This miracle, is the kind of foundation I intend for Mother Well to rest on.  The relentless conviction and deep knowing that You. Are. Not. Alone. And you were never meant to be. Your tribe exists. I am humbled, honored, proud, grateful, and inspired by the community that chose to raise their hands. 

This is the same power, security, and “seeing” that belongs to each and every one of us. 

This is my mission to bring this truth to your attention, as this kind of togetherness is what transforms lives. 

Loving myself to life lead to being the greater expression of “me” for my family, and it led to a greater awareness of the kind of belonging and support we need from each other at large.

Beginning with me, ultimately lead to you. 

And truly, there is no formula for belonging. Beginning with you, could have lead to me too. There is no one size fits all for connecting back to Love. You just begin. By saying yes, and yes again, and yes again, until you feel that yes within you and around you. Until you feel it so powerfully that you must give it away. 

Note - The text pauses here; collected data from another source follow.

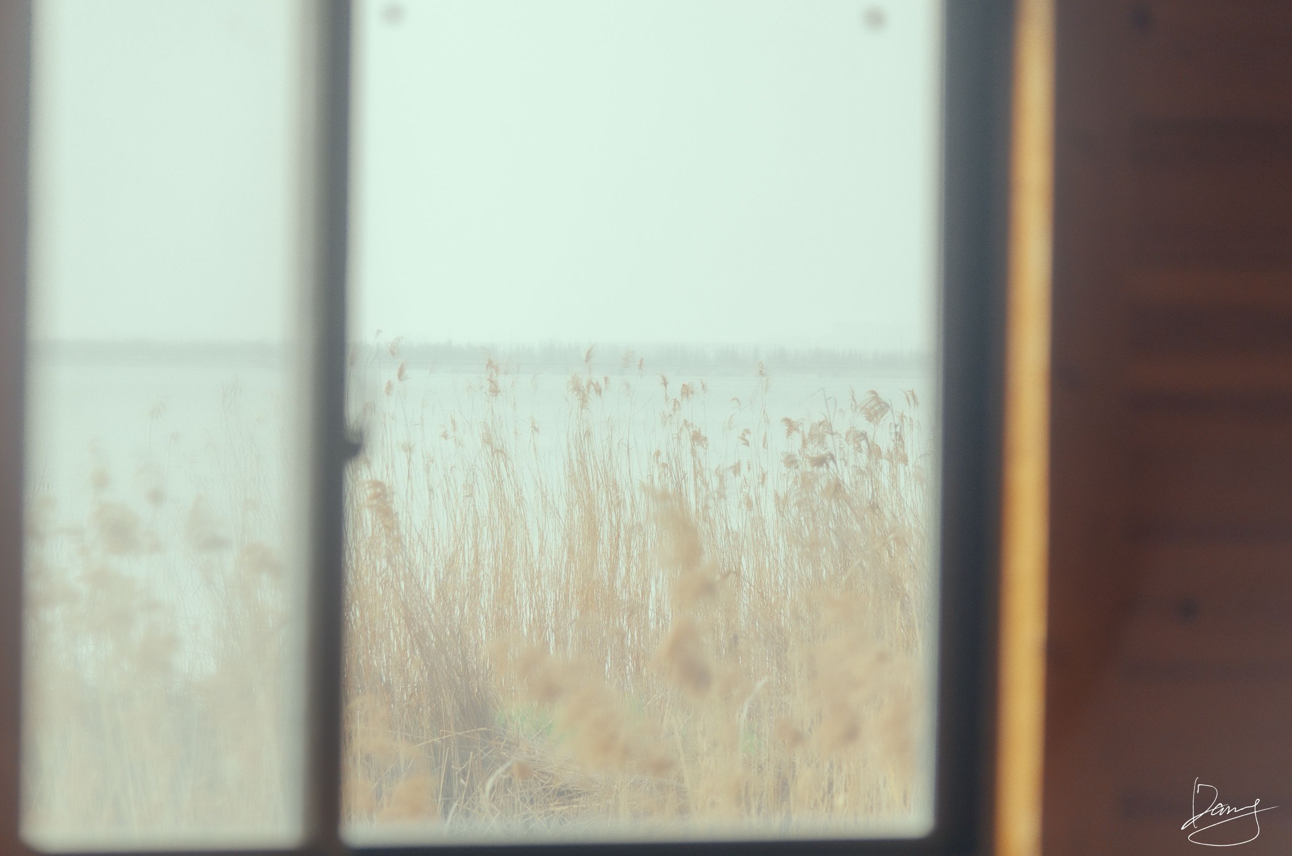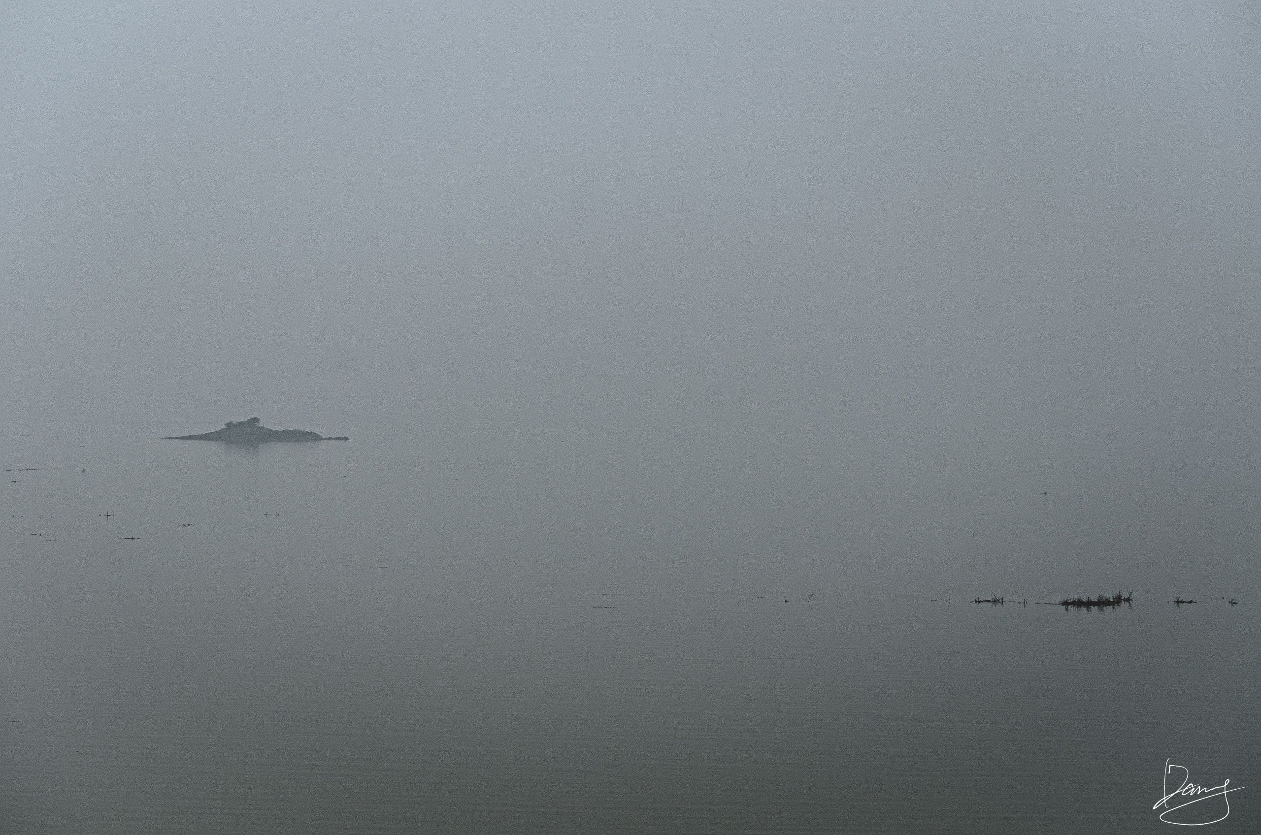 在县城有个好处是离郊野近,背上相机蹬自行车出去就能看到秋日大雾弥漫的湖水
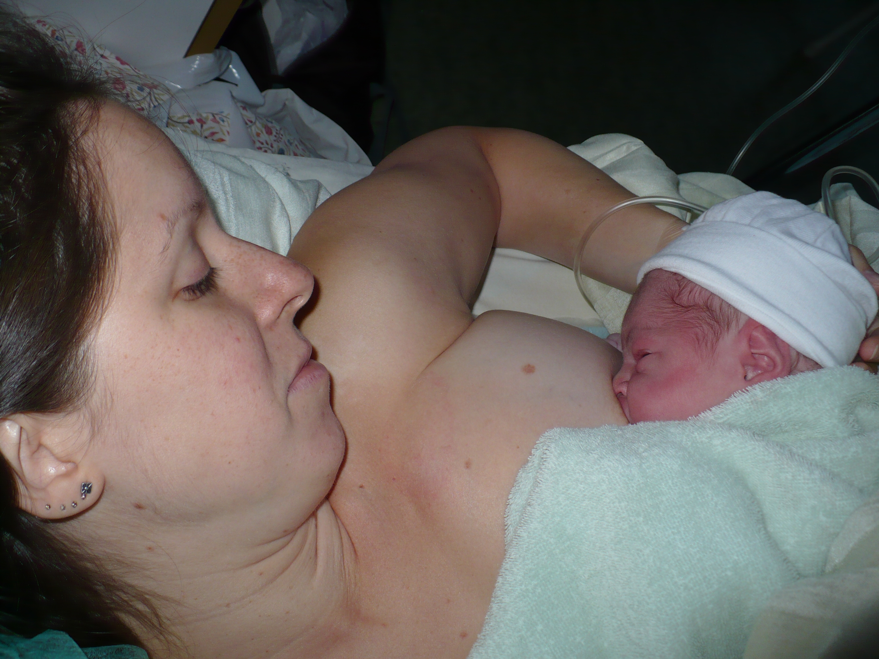 A kórteremben lefektetnek, betakarnak egy meleg takaróval. A doktornő és a szülésznő igyekeznek a lelkemet ápolni, nyugodjak meg, mindent megtettem, többet is… Közben már hozzák is Marcit, a szülésznőm rám teszi, Marci pedig rögtön rácuppan a cicire, és békésen szopizni kezd. A szülésznő figyeli, hogy valóban jól megy-e a szopizás, Marci nem hagy bennünk kétségeket, nem lesz gond.
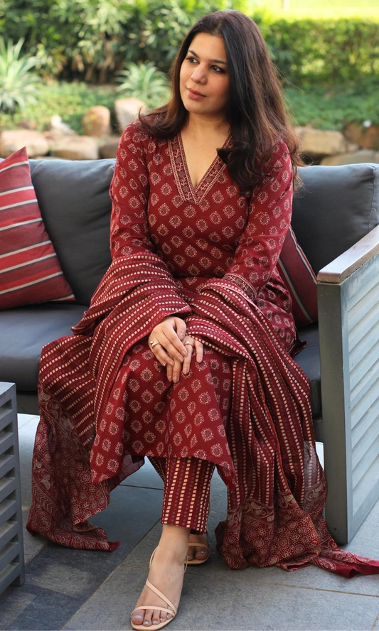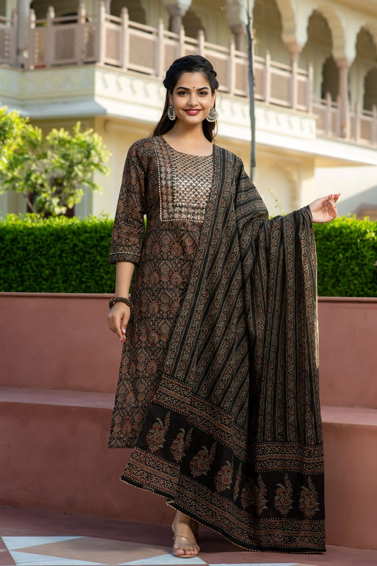 Cotton Ajrakh Printed Sequence Adda & Embroidered Kurta Pant & Dupatta

It’s the same current of pain that we all touch, differing only by various levels and stages we are in, in our lives. A mother’s grief over the loss of her child, and a new mothers grief over the loss and reintegration of her “self”, both ask of our environment the same thing. Love me. See me. Support me. 

I claimed my yes in my greatest pain, and it’s there for the taking. When you can’t see the ember, you can still make a choice. Choose yes, because you belong, and someday you’ll understand why you didn’t give up. 



Whether blissed out postpartum, finding challenges in your transition, or downright falling apart… You are worthy of love and belonging. If you are interested in hearing more from me, as I am on a mission to reclaim the postpartum period as a time of not just transition but transformation, drop your email in the form here. You’ll receive my free E-book: 5 Ways to Transform your Mental Illness to Mental Wellness. The pillars I describe in this honestly game-changing read have helped to transform my own experience in life. I made this for you with so much love and passion, because you were designed to feel good and to know your power. You have so much available to you to begin interacting with your life and health in a glorious new way. Also, if you’re not a mama? Sister… this was created for you too, in profound honor of mine. My mission here at Mother Well is of course for the Mamas, but the mission in my heart extends beyond all barriers. Motherhood gives rise to the rest of us, and it always counts the Sister.  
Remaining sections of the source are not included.